Encyclopedia of the Great Plains

David J. Wishart, Editor


PLAY PARTY

The play party, a preplanned traditional dance without instruments, was a recreational activity of teenagers and young adults that was once common across the Great Plains and the entire United States. People attending play parties played singing and action games such as "musical chairs" and many other games in volving male-female interactions, emphasizing socialization and interpersonal relationships rather than competition, while they shared refreshments and conversation.

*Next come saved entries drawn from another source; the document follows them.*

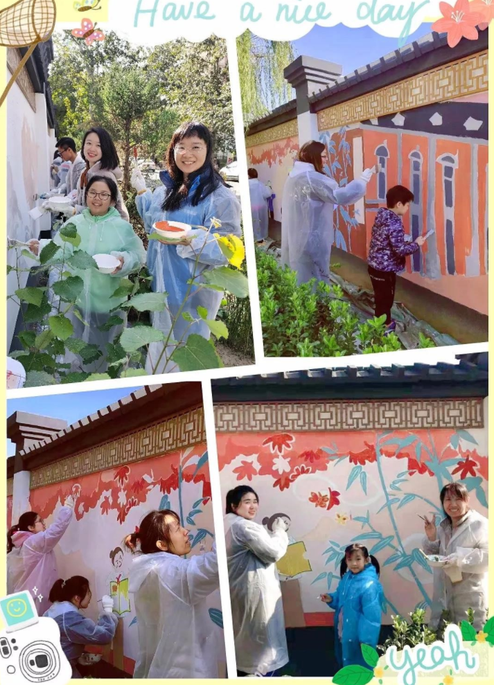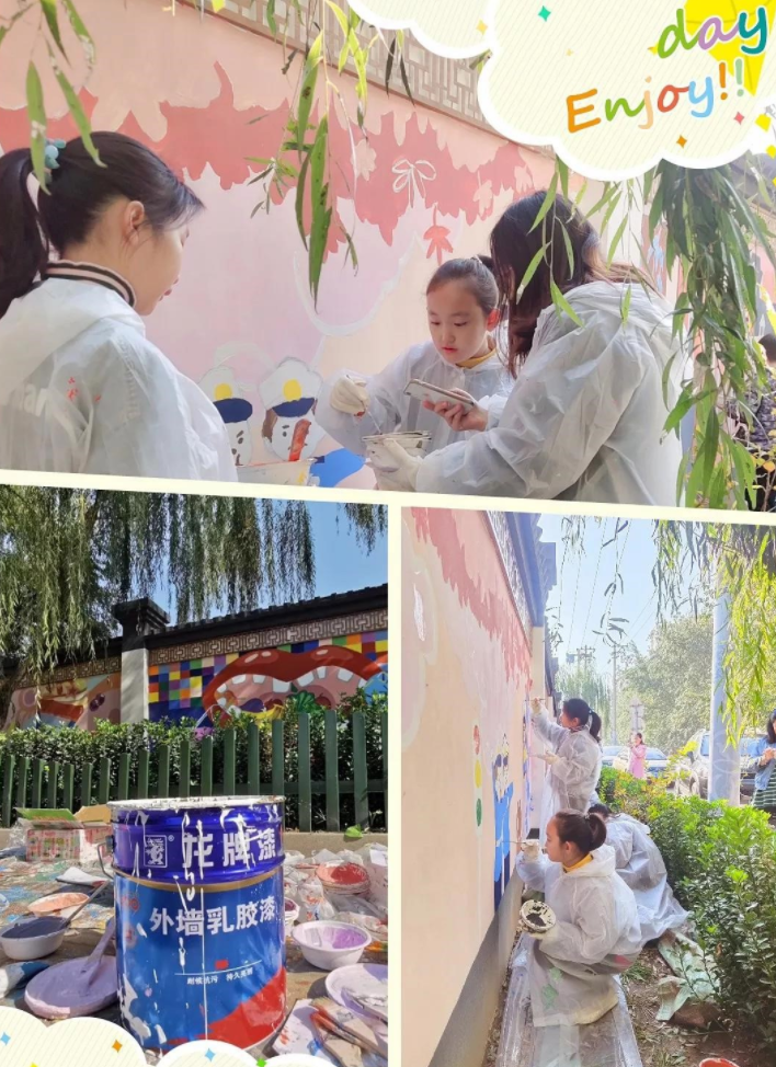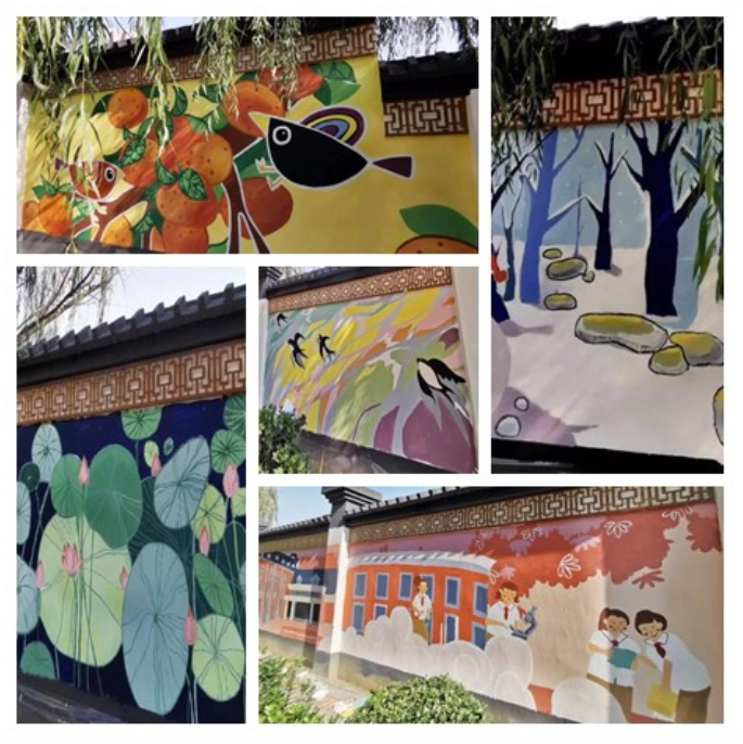 经由两天的起劲,,,,,,,一幅幅色彩亮丽、动感十足的画卷跃然墙上,,,,,,,学校外墙面目一新,,,,,,,不但美化了整体情形,,,,,,,还起到了优异的宣布道育作用,,,,,,,受到宽巨匠生、周围住民的一致好评。。。。。。。
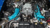The supercharged 4.6-liter V8 was reportedly sourced from a 2004 Mustang Cobra, which was factory rated at 390 horsepower and 390 lb-ft of torque. The engine retains its wiring harness, and additional work performed as part of the build included replacing the starter, radiator, power-steering pump, air-conditioning compressor, and condenser. The car also features a dual exhaust system.
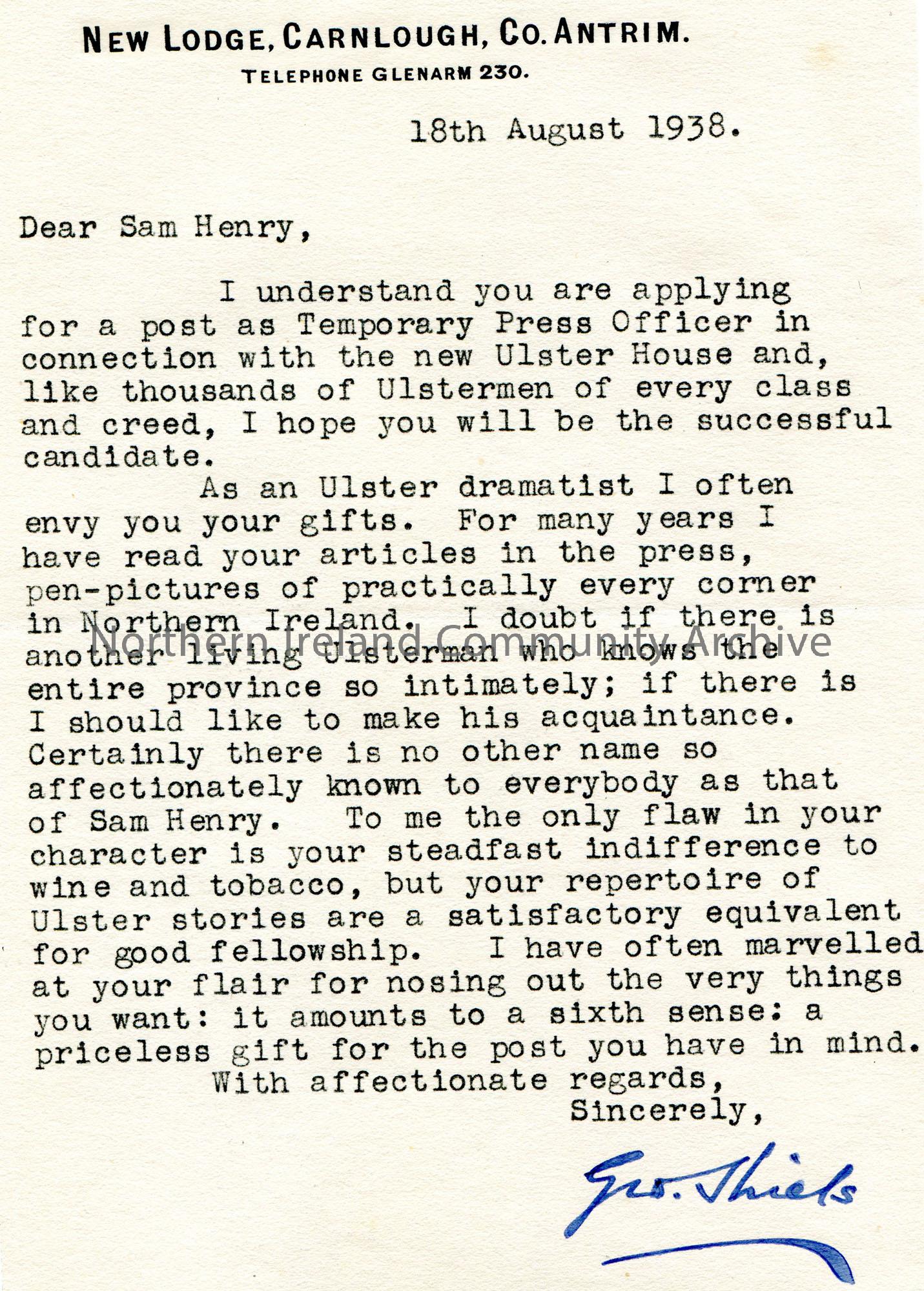 Typed letter to Sam Henry. Re testimonial for a post Sam is applying for as Temporary Press Officer at New Ulster House. Speaks highly of Sam’s abilit…
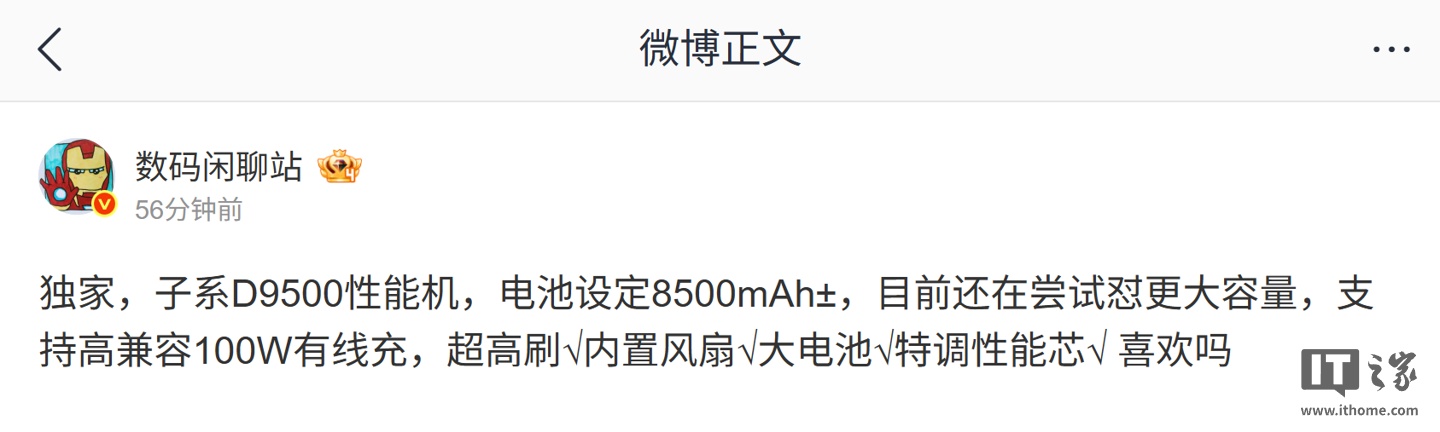 IT之家 2 月 3 日消息,博主 @数码闲聊站 今天在微博透露,某厂的子系天玑 9500 性能机设定 8500mAh± 电池。
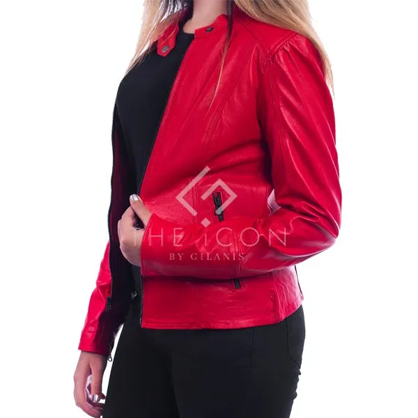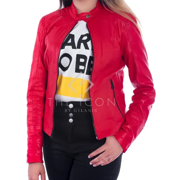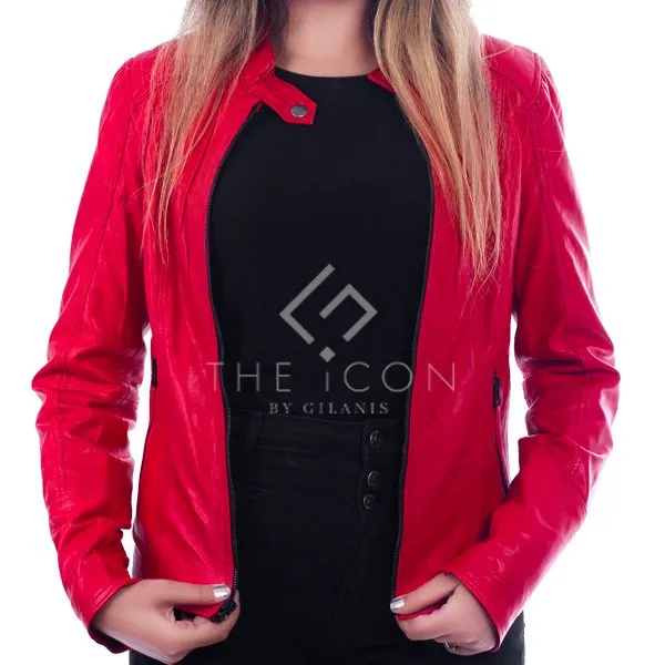 Women’s Red Biker Leather Jacket
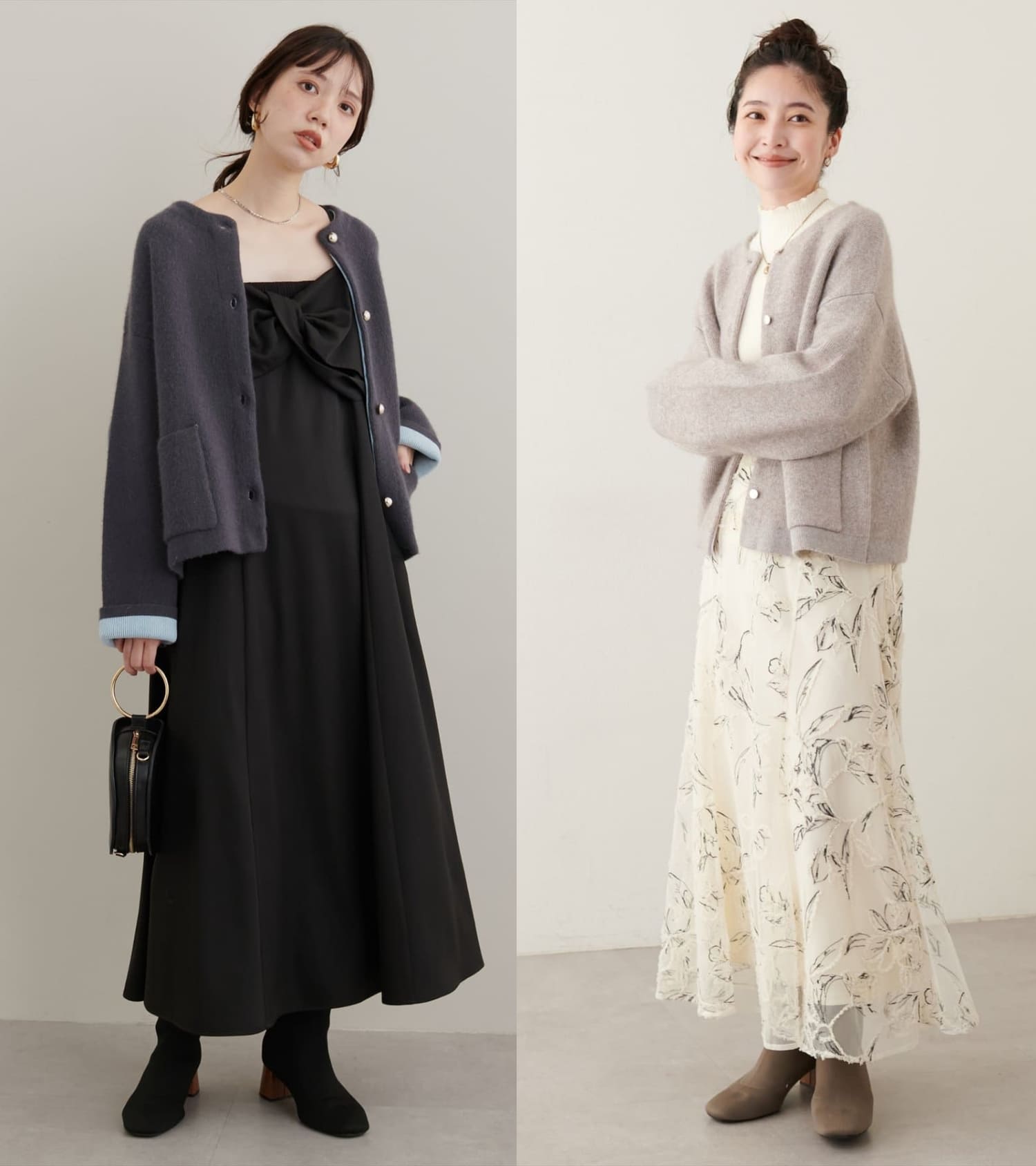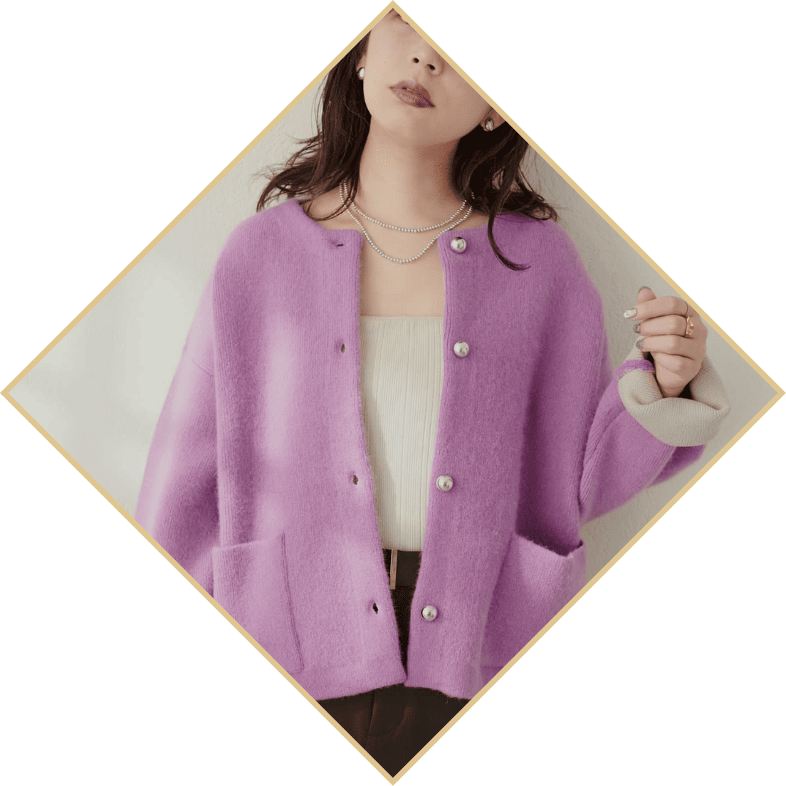 優しい風合いのカーディガンで品のある可愛さがあります。

Early folklorists, including Ben Botkin, Vance Randolf, and L. D. Ames, analyzed the play party and concluded that it flourished in Anglo-American culture on the western frontier because of the repressive influence of the puritan ethic, especially its opposition to musical instruments. As early as 1949, folklorists began to challenge this widely accepted description by noting that the lack of instruments at the play party might well have been caused simply by a shortage of instruments. Ben Botkin further maintains that the songs of the play party came to the Great Plains with the cattle drives through Texas and Oklahoma, two states where the parties were very popular. He also made the point that despite the play party's Anglo-American origins, African Americans and Native Americans participated in them as well, particularly in the Southern Great Plains. A 1972 article based on field interviews conducted in the mid-1960s concluded that the play party probably existed across America, persisted after the passage of the frontier, experienced revivals that often included instruments, created a complex poetic, and lived on as a substantial contribution to American children's games and folk music. Since that time, however, it seems that the tradition of the play party has faded.

Keith Cunningham Northern Arizona University

Ames, L. D. "The Missouri Play Party." Journal of American Folklore 24 (1911): 295-318.

Cunningham, Keith. "Another Look at the Play Party." Affword 2 (1972): 12-23.

Randolf, Vance. "The Ozark Play-Party." Journal of American Folklore 42 (1929): 201-32.